Скорпион повернулся:
— Бригадир, а что это у тебя имя странное такое, старомодное? Сейчас так и не называют...
— А не имя это, Андрей Константиныч. Погоняло. Они меня Полиграфом величать пытались, потом поняли, что... не надо так делать...
— Ясно, — Андрей обвел его ироническим взглядом: и правда ведь похож! А Серапионов-то весь вечер, глядя на него и думая о своем, пытался сообразить, кого этот Клим ему напоминает. — Ну, бывай, Климушко, бывай!
* * *
— Здорово, Степаныч! Дежуришь?
Доктор поднял голову. Андрюха Серапионов. Почти не изменился с тех лет.
— О-о-о! Заходи!
Они поболтали ни о чем и обо всем.
— Крикливые у тебя сегодня бабенки, Степа, — сказал Серапионов, который в поисках кабинета заведующего миновал как минимум две палаты рожениц. — У меня дело к тебе такое... деликатное. В морг мне нужно.
Степан Степаныч непонимающе уставился на него, потом засмеялся:
— А не рано ли?
— Да нет, — хмыкнул Андрей. — Как раз самое оно. Я серьезно, Степа. Ты уж удружи по старинке.
— Ну, разберемся, разберемся. Ты мне еще за рыжую свою должен. Шучу...
— Не отказываюсь: должен. Давай, все до кучи собери, там уж рассчитаюсь.
— А что тебе в морге понадобилось?
— Парочка неопознанных. Женщина молодая и мужчина — нашего с тобой примерно возраста... Только мне самому на них поглядеть нужно.
— М-да... Это уже к судмедэкспертам надо постучаться, их епархия. Когда тебе надо?
— Прямо сейчас, Степа. Прямо сейчас.
* * *
— Алло? — с трудом размыкая глаза, простонала в трубку Маргарита; ужас какой-то: в первом часу ночи...
— Маргарита Валерьевна, это я. Я сейчас подхожу к вашей квартире, вы мне дверь откройте...
Марго встрепенулась. Снова этот Андрей. Кошмар! Оставят ее уже в покое с Гроссманами или нет?!
Женщина быстро накинула халат, покрепче прикрыла дверь в комнату сына.
Серапионов стоял на пороге. Когда Марго открыла, он скользнул в прихожую и, понизив голос, спросил:
— У вас машина на ходу?
— Да, — шепнула она.
— Оденьтесь, пожалуйста, покажите, где ваш гараж.

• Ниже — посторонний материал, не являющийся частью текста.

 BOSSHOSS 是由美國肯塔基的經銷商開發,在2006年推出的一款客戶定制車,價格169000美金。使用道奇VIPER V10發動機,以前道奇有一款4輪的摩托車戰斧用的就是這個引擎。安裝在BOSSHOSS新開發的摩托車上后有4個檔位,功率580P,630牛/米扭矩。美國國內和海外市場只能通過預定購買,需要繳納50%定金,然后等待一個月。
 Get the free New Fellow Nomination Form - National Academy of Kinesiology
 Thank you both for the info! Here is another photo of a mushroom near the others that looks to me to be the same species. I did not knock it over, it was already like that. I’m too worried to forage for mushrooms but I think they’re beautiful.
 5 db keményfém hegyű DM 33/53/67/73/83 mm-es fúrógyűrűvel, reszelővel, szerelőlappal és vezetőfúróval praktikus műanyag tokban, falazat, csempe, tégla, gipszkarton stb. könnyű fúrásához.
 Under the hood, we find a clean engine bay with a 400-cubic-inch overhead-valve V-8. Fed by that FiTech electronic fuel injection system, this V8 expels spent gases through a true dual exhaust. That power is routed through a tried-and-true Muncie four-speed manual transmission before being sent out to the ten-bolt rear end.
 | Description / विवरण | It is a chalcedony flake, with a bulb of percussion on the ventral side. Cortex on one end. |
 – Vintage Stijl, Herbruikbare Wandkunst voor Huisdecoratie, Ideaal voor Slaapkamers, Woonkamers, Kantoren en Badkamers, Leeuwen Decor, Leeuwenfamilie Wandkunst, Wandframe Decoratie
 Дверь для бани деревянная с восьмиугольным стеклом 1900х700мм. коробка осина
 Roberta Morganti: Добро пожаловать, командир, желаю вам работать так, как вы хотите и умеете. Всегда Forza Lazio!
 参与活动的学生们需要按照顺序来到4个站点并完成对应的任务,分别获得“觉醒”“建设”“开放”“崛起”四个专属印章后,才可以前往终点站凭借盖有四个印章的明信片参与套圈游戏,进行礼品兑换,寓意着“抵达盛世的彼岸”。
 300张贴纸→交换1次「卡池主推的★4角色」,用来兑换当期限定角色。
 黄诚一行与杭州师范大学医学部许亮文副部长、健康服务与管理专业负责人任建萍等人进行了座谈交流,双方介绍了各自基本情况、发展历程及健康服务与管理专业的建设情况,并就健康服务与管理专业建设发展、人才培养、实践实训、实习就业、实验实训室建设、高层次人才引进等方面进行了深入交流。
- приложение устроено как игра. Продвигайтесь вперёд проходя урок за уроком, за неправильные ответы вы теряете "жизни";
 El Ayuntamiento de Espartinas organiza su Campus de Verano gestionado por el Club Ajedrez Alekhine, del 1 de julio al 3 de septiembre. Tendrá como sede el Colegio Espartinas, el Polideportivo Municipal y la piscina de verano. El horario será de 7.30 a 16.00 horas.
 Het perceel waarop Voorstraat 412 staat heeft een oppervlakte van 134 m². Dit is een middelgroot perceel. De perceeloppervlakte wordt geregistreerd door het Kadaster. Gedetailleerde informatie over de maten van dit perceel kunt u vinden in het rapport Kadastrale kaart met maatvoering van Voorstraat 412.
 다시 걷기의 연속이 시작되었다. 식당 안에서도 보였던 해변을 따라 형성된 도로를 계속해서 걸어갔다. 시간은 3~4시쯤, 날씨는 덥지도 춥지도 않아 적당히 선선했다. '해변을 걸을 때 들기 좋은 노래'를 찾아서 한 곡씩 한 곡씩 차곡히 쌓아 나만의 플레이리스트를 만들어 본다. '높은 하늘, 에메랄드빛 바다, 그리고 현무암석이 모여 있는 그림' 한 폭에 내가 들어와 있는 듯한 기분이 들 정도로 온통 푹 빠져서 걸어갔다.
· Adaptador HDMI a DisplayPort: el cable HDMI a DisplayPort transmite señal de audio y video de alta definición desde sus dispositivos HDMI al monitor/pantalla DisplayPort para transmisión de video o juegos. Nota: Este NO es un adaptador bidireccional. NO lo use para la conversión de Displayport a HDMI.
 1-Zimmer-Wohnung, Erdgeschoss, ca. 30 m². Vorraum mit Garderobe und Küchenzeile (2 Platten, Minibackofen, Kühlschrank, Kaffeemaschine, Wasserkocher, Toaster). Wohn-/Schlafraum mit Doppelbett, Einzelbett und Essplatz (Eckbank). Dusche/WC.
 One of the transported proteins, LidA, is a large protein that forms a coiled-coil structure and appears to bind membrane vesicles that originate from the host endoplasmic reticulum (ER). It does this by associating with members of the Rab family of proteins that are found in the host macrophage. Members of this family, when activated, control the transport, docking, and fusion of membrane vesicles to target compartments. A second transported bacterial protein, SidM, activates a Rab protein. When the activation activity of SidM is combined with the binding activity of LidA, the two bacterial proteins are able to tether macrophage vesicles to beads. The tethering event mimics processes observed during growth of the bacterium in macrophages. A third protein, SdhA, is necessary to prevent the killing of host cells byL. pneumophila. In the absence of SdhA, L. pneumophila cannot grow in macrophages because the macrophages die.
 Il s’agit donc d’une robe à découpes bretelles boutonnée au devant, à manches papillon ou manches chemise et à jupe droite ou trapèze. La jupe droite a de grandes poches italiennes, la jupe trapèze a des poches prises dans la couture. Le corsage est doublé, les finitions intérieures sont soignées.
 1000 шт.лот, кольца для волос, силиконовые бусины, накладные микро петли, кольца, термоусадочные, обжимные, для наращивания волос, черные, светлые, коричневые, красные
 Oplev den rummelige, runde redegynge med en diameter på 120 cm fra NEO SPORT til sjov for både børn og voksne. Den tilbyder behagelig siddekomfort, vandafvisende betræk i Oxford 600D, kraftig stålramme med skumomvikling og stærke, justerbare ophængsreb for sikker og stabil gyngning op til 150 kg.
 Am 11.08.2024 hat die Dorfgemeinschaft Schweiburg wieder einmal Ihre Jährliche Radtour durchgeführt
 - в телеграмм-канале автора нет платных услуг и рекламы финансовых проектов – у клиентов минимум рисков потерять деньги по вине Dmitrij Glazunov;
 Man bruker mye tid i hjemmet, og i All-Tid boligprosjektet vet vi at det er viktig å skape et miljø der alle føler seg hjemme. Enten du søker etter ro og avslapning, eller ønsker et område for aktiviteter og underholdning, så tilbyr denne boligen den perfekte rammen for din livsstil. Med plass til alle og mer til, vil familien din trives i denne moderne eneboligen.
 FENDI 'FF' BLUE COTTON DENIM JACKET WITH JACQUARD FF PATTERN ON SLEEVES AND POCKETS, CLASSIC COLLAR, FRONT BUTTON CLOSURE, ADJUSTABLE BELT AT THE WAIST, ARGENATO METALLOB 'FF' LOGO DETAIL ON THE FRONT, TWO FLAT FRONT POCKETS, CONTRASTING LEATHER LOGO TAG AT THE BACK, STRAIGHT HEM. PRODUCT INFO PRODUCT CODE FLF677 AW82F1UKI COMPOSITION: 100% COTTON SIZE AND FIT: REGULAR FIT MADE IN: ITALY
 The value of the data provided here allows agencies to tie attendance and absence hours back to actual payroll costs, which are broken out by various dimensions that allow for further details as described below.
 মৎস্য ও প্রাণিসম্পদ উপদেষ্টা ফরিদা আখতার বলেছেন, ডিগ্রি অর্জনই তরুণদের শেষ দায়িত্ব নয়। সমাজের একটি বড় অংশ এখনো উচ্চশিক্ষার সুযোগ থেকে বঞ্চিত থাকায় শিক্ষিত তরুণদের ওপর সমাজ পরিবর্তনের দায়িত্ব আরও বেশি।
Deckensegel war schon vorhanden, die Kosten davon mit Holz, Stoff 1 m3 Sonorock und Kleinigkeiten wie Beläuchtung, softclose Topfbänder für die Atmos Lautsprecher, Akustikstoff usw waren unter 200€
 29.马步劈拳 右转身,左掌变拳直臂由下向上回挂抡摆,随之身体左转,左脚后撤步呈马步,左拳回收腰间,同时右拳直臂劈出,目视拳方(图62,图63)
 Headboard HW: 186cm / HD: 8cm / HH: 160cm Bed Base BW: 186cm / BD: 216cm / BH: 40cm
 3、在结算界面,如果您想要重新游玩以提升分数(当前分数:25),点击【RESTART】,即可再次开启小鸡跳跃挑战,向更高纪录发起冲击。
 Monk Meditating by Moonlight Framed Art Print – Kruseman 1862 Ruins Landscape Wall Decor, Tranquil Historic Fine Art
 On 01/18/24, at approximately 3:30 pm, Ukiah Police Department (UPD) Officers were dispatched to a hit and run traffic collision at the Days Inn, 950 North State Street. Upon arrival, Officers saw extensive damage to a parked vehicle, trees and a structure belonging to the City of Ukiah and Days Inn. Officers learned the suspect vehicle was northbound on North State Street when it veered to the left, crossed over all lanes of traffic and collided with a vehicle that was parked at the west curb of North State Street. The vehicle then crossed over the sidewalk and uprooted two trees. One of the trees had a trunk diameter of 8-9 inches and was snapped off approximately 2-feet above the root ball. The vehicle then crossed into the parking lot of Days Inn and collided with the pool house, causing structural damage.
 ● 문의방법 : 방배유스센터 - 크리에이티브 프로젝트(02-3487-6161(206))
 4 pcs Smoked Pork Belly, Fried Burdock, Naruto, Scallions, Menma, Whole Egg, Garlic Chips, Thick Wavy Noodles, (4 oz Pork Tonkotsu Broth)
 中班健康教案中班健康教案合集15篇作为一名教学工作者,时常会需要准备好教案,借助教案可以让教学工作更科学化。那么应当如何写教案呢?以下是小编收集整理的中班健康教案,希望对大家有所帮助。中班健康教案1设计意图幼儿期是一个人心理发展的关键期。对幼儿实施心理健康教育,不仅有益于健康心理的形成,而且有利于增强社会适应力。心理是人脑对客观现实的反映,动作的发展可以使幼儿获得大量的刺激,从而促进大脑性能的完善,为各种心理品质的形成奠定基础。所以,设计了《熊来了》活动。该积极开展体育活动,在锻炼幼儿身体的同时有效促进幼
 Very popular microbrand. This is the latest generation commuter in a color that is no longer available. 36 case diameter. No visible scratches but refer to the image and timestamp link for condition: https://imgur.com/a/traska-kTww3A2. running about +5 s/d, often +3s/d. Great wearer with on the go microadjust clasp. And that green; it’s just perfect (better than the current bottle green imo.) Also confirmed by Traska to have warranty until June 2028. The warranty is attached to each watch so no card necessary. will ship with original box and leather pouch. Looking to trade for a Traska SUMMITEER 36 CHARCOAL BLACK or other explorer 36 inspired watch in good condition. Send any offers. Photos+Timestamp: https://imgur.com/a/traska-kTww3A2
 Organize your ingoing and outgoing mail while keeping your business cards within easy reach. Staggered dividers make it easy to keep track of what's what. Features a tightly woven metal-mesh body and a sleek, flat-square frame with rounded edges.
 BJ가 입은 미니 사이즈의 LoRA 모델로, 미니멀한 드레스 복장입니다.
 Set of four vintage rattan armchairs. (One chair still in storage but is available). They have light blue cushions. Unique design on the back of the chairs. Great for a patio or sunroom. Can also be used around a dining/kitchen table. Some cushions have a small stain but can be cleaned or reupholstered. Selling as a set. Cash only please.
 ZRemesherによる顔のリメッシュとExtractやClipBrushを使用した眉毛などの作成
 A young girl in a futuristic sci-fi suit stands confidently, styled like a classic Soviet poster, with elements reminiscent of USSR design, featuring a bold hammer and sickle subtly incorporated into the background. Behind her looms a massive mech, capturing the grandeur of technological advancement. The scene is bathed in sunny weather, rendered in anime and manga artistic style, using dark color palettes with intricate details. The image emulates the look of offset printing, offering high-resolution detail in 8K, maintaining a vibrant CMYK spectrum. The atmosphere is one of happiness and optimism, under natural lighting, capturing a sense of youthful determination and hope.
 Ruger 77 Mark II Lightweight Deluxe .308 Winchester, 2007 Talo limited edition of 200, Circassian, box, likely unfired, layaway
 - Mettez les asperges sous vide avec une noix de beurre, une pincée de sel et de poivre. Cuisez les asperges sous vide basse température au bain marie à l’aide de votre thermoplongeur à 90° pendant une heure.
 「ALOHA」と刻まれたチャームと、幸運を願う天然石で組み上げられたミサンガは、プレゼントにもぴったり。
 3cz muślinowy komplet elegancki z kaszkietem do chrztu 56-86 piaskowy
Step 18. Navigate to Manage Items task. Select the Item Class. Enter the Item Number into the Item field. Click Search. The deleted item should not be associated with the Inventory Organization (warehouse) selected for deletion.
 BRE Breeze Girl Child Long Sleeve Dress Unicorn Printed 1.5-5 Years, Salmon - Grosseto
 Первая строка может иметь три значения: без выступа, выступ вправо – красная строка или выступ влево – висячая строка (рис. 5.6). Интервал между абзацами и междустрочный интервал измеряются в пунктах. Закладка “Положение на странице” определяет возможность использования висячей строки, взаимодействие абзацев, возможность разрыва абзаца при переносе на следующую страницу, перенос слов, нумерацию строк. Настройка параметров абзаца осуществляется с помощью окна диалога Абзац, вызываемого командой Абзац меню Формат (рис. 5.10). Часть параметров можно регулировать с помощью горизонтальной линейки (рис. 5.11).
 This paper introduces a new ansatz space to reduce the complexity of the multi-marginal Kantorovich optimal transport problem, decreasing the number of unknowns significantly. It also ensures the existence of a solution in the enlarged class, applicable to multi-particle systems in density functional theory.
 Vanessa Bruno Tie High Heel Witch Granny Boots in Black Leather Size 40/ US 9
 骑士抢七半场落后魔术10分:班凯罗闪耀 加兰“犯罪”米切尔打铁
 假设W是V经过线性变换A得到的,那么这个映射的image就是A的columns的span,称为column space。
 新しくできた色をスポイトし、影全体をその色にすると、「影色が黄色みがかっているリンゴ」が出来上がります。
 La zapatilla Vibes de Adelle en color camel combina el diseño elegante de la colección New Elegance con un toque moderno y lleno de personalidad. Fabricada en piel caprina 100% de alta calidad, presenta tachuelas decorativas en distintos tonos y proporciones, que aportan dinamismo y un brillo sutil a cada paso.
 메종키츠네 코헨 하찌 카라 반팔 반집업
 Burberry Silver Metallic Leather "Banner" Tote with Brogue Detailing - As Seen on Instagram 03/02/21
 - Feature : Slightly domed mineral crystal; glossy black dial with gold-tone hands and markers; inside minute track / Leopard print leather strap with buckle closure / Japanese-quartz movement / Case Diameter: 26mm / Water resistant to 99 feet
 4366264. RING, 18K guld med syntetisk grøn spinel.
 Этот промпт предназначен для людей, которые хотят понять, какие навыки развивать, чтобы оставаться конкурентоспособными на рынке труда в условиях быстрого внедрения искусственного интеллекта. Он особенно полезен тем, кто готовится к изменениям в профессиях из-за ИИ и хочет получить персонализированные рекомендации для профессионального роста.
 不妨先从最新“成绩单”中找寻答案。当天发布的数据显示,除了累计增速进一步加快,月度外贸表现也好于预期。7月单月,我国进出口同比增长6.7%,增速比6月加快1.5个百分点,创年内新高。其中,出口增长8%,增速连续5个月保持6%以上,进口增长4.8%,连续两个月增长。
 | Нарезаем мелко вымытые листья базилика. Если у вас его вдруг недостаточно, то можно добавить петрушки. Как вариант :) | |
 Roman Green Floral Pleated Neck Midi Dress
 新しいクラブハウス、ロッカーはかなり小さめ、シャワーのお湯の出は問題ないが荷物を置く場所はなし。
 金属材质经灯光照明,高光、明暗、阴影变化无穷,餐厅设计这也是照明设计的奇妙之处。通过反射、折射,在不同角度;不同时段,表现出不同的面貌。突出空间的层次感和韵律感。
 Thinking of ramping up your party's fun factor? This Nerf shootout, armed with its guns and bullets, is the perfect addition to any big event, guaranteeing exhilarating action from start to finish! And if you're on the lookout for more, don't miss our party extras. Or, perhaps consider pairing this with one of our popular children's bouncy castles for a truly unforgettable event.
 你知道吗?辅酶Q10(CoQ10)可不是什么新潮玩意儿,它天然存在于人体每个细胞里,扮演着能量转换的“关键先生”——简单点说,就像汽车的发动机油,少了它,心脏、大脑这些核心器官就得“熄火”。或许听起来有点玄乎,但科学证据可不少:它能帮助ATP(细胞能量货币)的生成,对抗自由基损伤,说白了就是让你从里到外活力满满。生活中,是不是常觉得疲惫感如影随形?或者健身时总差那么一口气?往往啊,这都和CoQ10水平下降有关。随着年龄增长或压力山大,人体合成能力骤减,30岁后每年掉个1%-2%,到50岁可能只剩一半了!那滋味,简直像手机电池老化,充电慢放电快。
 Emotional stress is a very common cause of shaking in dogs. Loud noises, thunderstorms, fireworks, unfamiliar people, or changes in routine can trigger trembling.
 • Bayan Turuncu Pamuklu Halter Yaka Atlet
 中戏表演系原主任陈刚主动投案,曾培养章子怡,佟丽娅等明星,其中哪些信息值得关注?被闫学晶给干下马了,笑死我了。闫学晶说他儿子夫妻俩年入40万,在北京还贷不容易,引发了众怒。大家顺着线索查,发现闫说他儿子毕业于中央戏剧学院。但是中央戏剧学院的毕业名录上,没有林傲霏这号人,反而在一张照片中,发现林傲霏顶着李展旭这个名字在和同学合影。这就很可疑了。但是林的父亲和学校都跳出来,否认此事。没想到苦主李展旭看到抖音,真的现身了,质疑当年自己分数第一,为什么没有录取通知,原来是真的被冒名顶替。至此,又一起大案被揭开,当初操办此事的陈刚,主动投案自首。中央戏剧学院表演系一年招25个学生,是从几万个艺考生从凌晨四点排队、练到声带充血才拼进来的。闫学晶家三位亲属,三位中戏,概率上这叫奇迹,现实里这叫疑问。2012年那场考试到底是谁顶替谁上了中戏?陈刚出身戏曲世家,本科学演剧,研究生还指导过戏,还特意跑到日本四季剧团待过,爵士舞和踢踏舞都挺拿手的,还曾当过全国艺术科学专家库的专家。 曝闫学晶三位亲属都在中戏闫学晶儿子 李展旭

Это в последний раз, Маргарита Валерьевна, больше я вас не потревожу. Уж извините.
Марго не ожидала услышать слова извинения от такого человека, как он, и сумбурно проговорила, что, дескать, ничего страшного.
Андрей ждал в коридоре.
До гаража было минут десять ходу. Оба молчали.
Голубева выгнала свой автомобиль и протянула Андрею ключи.
— Я покупаю у вас вашу машину, — он взял брелок и вместо него вложил в руки растерянной женщины две толстые пачки денег. — Обратно добежите сами? У меня времени в обрез.
— А...ы...у... Да.
— Ну и славно. Благодарю вас. Обо всем — полное молчание. Завтра объявите машину в угон.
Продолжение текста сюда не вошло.